A.  "I only use digital alarm clocks. Can my Mental Clock be digital?" TOP
Yes, your Mental Clock can be digital. Instead of moving the hands of the clock, imagine the numbers changing rapidly to the time you want to awaken and state your intent clearly. You may even use both. Use what works best for you.

 
Goal Attainment Strategy
A.  "Does the Goal Attainment Strategy work all the time?" TOP
No. There are times you don't get what you want. More than likely you will get BETTER than what you programmed for. Part of the programming in this strategy is to always have in the back of your mind "This is what I want or BETTER!" There may be times when what you want is not really the best thing for you. With this thought at the end of each program you leave yourself open for the possibility of better things to enter your life.

 
A.  "How often should I use the Goal Attainment Strategy?" TOP
Hopefully every night. Using it every night means you are working on a lot of goals. Each goal can be energized no less than every third day. You can work on several goals in the same meditation if you wish. You will know what works best for you with practice.

 
A.  "How do I energize a goal(s)?" TOP
You energize goals by simply thinking of them in the "Future Frame" as often as you can. This means that every time you think of the problem you immediately cancel it out and think of the solution instead.
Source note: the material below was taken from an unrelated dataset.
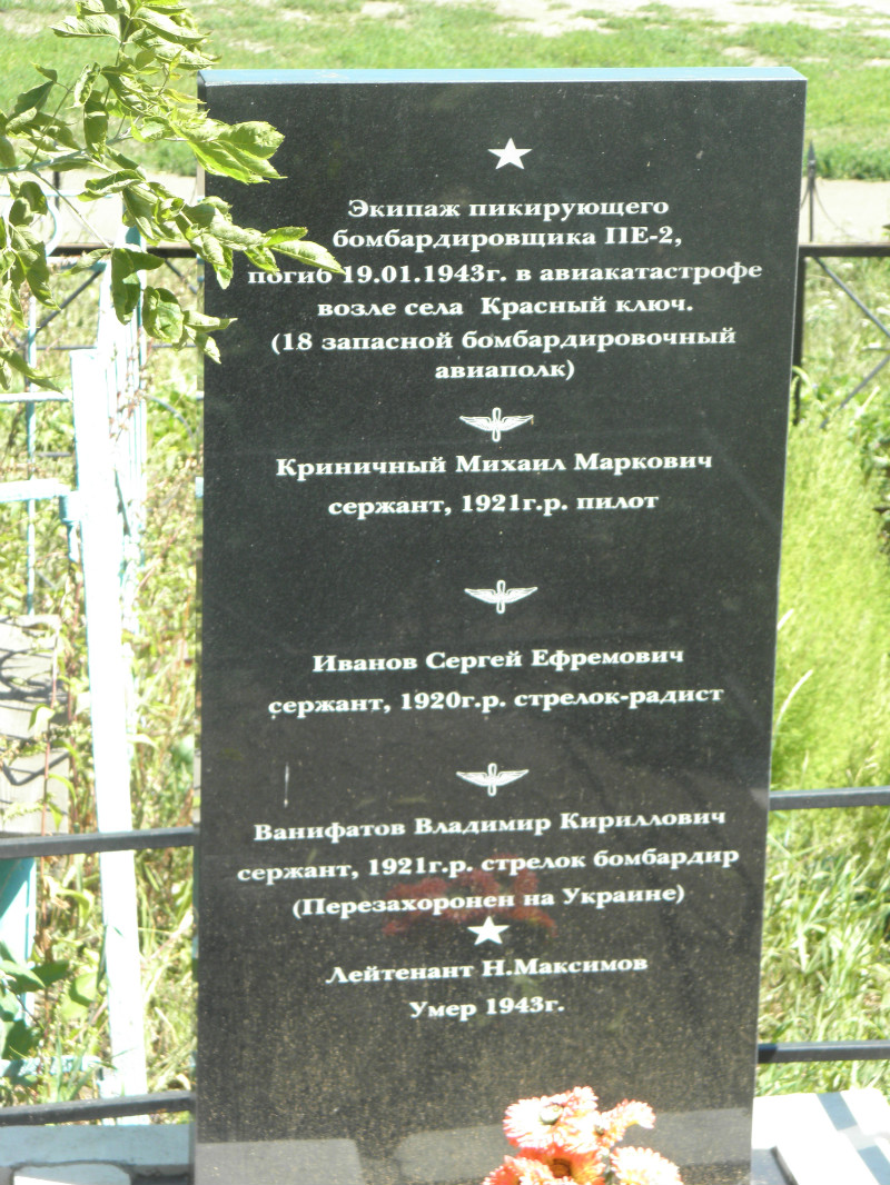 Были перезахоронены останки пилота, сержанта Криничного Михаила Марковича, 1921 г.р., уроженца г.Ворошиловград; стрелка-бомбардира, сержанта Ванифатова Владимира Кирилловича, 1921 г.р., уроженца с. Малые Ерчики Киевской области; стрелка-радиста, сержанта Иванова Сергея Ефремовича, 1920 г.р., которые подняли из двух заброшенных могил в районе с.Красный Ключ члены чистопольского военно-патриотического поискового отряда «Выстрел».

During your meditations, picture your "Future Frames" and step into them and experience your goal as if it has already happened.

 
A.  "What does it mean to program in a past-tense sense?" TOP
That means that you accept the manifestation of the goal as a done deal. When you have the right amount of desire, belief and expectancy, are doing your mental programming, are following through with persistent action, and you think positively, you will make magic happen. Two thousand years ago, Jesus said "Pray believing you have already received."

 
Problem Solving Through Dreams
A.  "Does everyone dream?" TOP
Yes, research studies have shown that every person dreams. The brain frequency fluctuates throughout the night from very fast to very slow constituting a Dream/Sleep Cycle. Dream/Sleep Cycles occur approximately every 90 minutes. Faster brain frequencies called Rapid Eye Movement (REM) is where dreaming usually takes place and can happen 3 to 5 times a night.

 
A.  "How can I remember my dreams?" TOP
You can remember your dreams by programming yourself mentally at night before you enter sleep. Tell yourself mentally, "I want to remember my dreams when I awaken in the morning." Make sure you have some paper and a pencil ready in order to write down your dream. It is important to start transferring the information from the subconscious to the conscious.

 
A.  "What is the best book for dream interpretation?" TOP
The best book for dream interpretation is the one you are going to create when you start your dream journal and symbols dictionary. You are the one person who is most qualified to interpret your dreams. With a little practice you will be well on your way.